Inspired by the article "Why const
Doesn't Make C Code Faster", I want to carry out a similar experiment in my code base, but for inline
.
I have a feeling that a lot of code currently marked as inline
does not help. A few programmers I know still perceive it as an optimization hint to the compiler.
At the same time, trying to inline stuff means it often has to be placed in headers, which negatively affects the design in many aspects (unit testing, incremental build etc.) because everything has to know about everything, rather than being separated by interfaces and being independently deployable.
I want to produce a version of the source code that has as few inline
keywords as possible left in it, then benchmark it and compare against the baseline measurements done on the unmodified code base.
I wonder which of the following transformations that remove inline
preserve semantics of a well formed program, and thus can be carried out automatically (i.e., by find-and-replace).
static inline
with static
in a .cpp file (i.e., not in a header).static inline
with static
in a header. Assume that header has #pragma once
or include guards, so that it is guaranteed to be included only once.inline
without preceding static
with empty string. I do not believe this construct is used in my code base, but still it is of interest.The inline
keyword is used in several different contexts: for freestanding functions, for methods of a class, and even for data variables of class, so I'd expect that there will be some variation in what of those can be safely omitted and which are required.

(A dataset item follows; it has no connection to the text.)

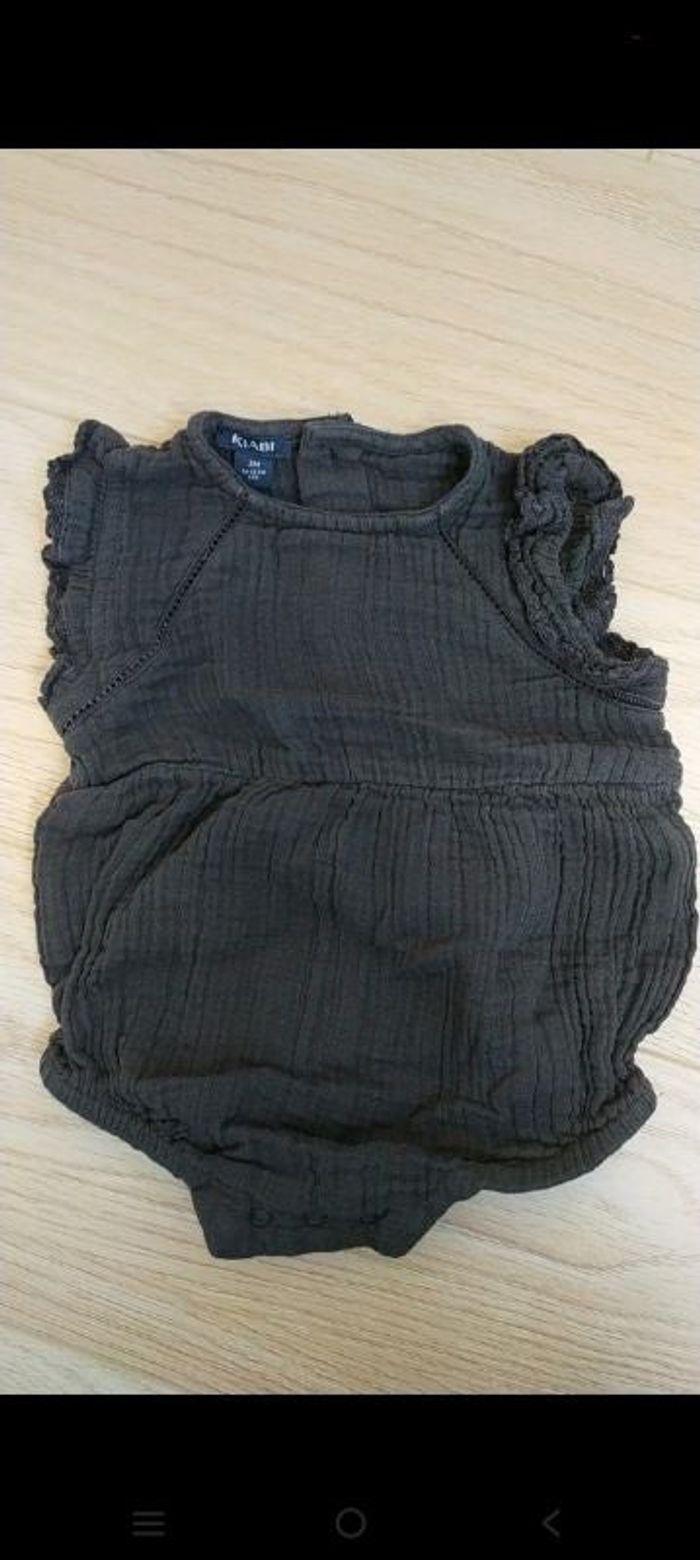 Combi barboteuse été noir 3 mois, kiabi, léger, élastique aux cuisses, boutons et pression ok. Voir photos, propre et non fumeur. #3m_djlaurita

If someone has already done this experiment, I welcome references to reports about how it went.
The other answers focus on the aspect of performance. I will try to answer your specific question. How does removing inline
specifier affect the semantics and correctness of a program?
In the following cases you can remove the inline
keyword and it will result in no semantic difference:
A function defined entirely inside a class/struct/union definition, whether it's a member function or a non-member friend function, is implicitly an inline function.
// header or cpp file
struct S
{
// no difference with or without the inline specifier
inline void foo() {}
};
A function declared inside an unnamed namespace (header or cpp file) has internal linkage. This effectively means that identical declaration/definition from different TU refer to different objects. This means there can't be any ODR violations.
// header or cpp file
namespace {
// no difference with or without the inline specifier
inline void foo() {}
}
A function declared with static
has internal linkage (see above)
// header or cpp
// no difference with or without the inline specifier
static inline void foo() {}
A function declared constexpr
on its first declaration is implicitly an inline function.
// header or cpp
// no difference with or without the inline specifier
constexpr inline void foo() {}
inline from (non-specialized) template functions can also be removed safely (thanks Jarod42)
// header or cpp
// no difference with or without the inline specifier
template <class T>
inline void foo(T) {}
In the following cases removing the inline specifier will cause an ODR violation NDR if the declaration/definition is used in multiple TUs
a function with external linkage used in more than one TU:
// header included in multiple TUs
// removing the inline specifier will cause ODR violations
inline void foo() {}
or
// a.cpp
// removing the inline specifier will cause ODR violations
inline void foo() {}
// b.cpp
// removing the inline specifier will cause ODR violations
inline void foo() {}
Technically if a non inline function with external linkage is used in one and only one TU the program is correct. However as soon as that function appears in a second TU the program will break without any warnings (NDR) due to the ODR violation.